WASHINGTON – Les dirigeants à travers le monde discutent avec force de l’opportunité d’établir une zone d’exclusion aérienne pour mettre fin à la violence qui se déroule en Libye.  Certains rappellent le cas de la Bosnie, où l’OTAN avait tardé à protéger les populations dans les années 90, pour motiver une action. D’autres se souviennent du Rwanda, pour lequel le président Bill Clinton avait ultérieurement exprimé ses regrets de ne pas avoir fait le nécessaire pour sauver des vies innocentes. Mais c’est plutôt à la lumière de la tragédie au sud de l’Irak dans les premiers jours de la guerre du golfe il y a vingt ans que les enjeux en Libye aujourd’hui doivent être envisagés.

Alors que les forces de coalition aiguillaient l’armée irakienne en février 1991, le président H.W. Bush avait encouragé le peuple irakien à « prendre les affaires en main pour obliger Saddam Hussein le dictateur à se retirer. » Lorsque les Irakiens shiites, les Kurdes et les Arabes des marais se sont rebellés contre Hussein, ils ont pensé que les forces américaines les protégeraient contre la force de frappe supérieure du dictateur brutal.

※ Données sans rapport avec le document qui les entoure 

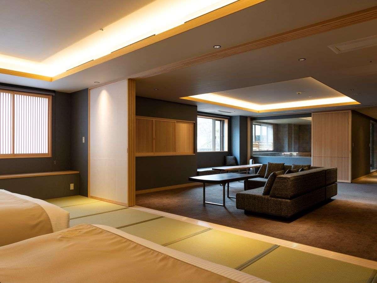【山側の温泉&寝湯付客室「連珠」(160平米)】広々としたリ...

Mais en fait, lorsque les hélicoptères de combat et les forces d’élite de l’Irak ont commencé à massacrer le peuple, les forces de coalition ont reçu l’ordre de ne pas intervenir. Le monde a alors regardé des milliers d’Irakiens se faire massacrer.

La situation aujourd’hui en Libye est différente. Inspiré par les évènements en Tunisie et en Égypte, le peuple libyen s’est soulevé spontanément contre les quatre décennies de répression du Colonel Mouammar Kadhafi. Malgré tout, le spectre qui me hante est le même – des gens ordinaires confrontés à la puissance aérienne et aux soldats bien armés d’un autocrate et qui comptent sur le monde libre pour les protéger d’un massacre après que nous ayons applaudi et félicité leur courage par nos paroles.